*** Begin section ***

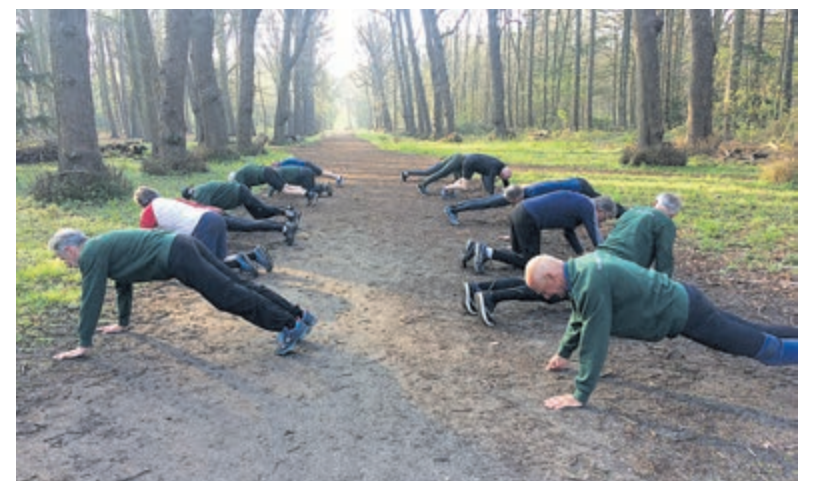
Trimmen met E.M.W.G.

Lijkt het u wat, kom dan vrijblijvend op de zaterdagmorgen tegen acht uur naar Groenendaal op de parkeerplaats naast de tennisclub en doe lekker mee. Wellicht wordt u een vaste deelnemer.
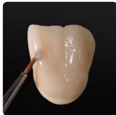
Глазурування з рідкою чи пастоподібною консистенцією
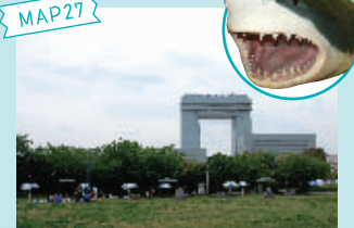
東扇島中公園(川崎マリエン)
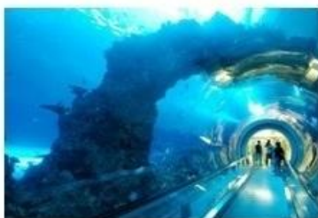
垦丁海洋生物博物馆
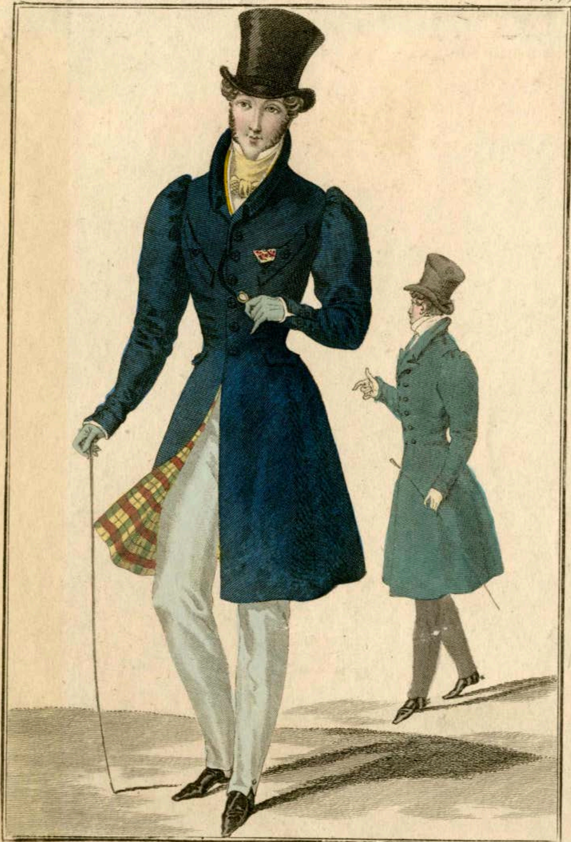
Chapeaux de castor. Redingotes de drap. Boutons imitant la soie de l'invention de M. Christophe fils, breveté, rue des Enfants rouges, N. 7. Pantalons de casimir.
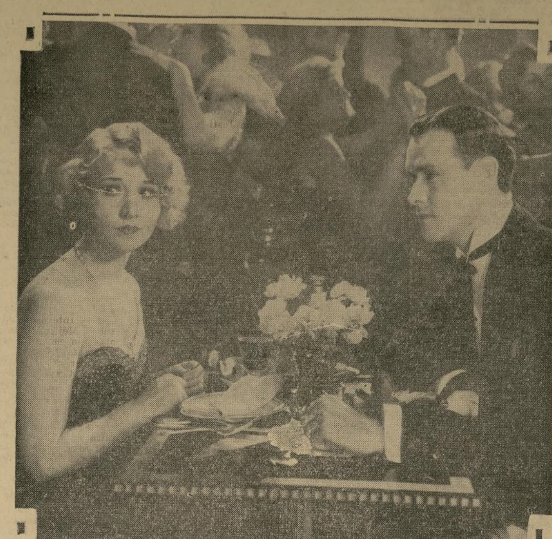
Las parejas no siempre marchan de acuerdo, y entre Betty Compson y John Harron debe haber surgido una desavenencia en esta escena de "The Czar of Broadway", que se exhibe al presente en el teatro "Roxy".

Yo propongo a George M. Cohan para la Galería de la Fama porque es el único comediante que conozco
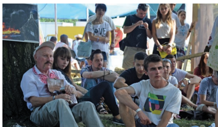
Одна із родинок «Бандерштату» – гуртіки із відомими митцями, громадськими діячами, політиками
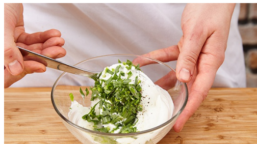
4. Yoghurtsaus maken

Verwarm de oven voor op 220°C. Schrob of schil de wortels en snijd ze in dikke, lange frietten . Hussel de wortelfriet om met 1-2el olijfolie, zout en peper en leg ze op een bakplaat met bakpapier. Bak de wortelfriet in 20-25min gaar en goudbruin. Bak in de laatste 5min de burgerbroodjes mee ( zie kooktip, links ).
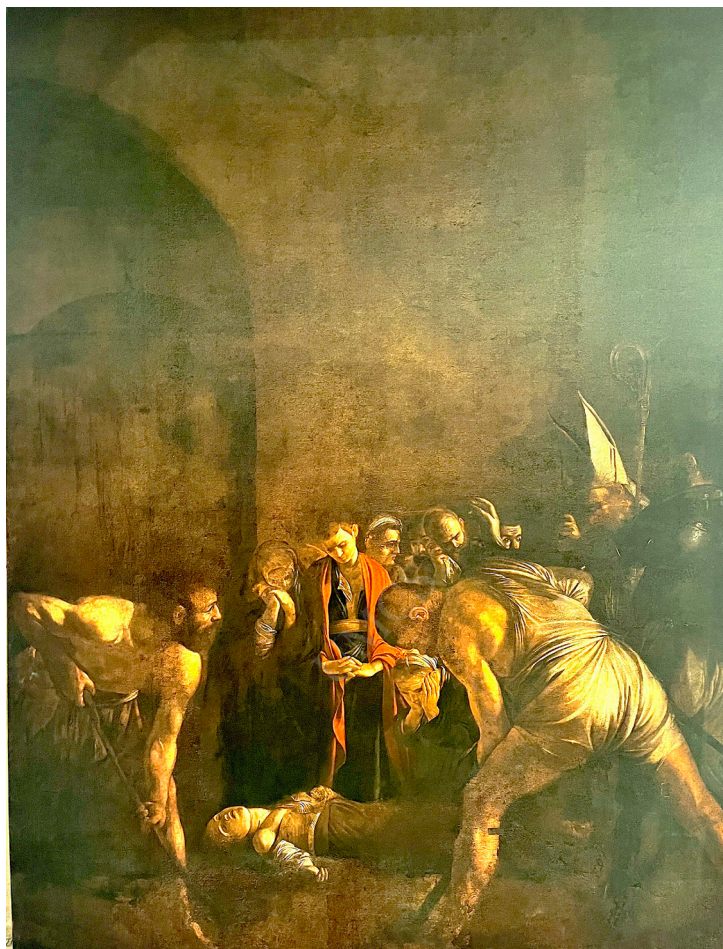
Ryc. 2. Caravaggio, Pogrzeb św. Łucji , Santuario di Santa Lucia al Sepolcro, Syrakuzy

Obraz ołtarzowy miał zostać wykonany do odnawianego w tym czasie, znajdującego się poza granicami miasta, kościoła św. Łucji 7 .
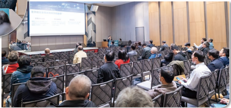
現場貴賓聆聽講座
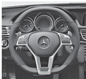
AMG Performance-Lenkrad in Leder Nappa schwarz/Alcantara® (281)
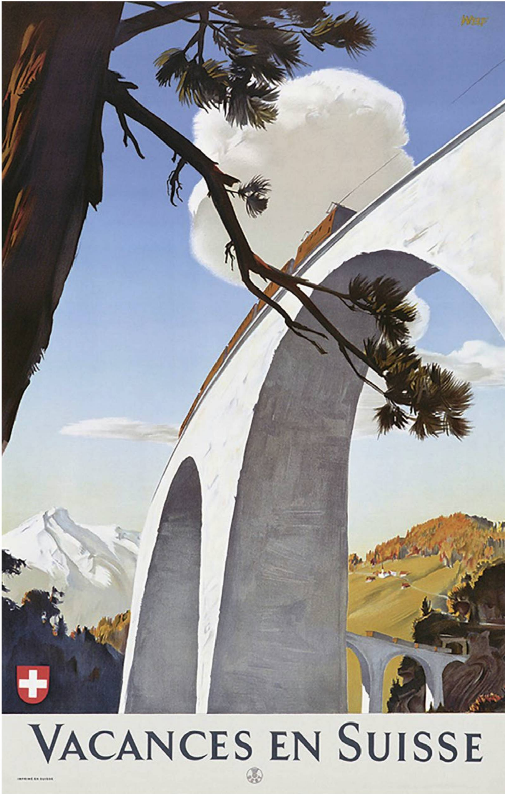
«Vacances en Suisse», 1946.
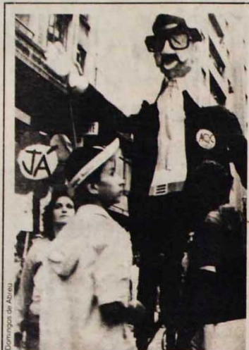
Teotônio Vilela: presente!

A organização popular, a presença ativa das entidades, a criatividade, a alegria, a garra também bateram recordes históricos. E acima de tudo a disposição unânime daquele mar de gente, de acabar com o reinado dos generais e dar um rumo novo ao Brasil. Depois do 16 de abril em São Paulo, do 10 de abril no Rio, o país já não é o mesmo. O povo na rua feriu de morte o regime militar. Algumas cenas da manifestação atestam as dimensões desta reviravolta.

*** End section ***

(Assignment): Repeat word for word the lines above, from the first entry through the line containing "Las parejas no", with both ends kept and the pictures dropped.

(Expected answer):
Trimmen met E.M.W.G.

Lijkt het u wat, kom dan vrijblijvend op de zaterdagmorgen tegen acht uur naar Groenendaal op de parkeerplaats naast de tennisclub en doe lekker mee. Wellicht wordt u een vaste deelnemer.
Глазурування з рідкою чи пастоподібною консистенцією
東扇島中公園(川崎マリエン)
垦丁海洋生物博物馆
Chapeaux de castor. Redingotes de drap. Boutons imitant la soie de l'invention de M. Christophe fils, breveté, rue des Enfants rouges, N. 7. Pantalons de casimir.
Las parejas no siempre marchan de acuerdo, y entre Betty Compson y John Harron debe haber surgido una desavenencia en esta escena de "The Czar of Broadway", que se exhibe al presente en el teatro "Roxy".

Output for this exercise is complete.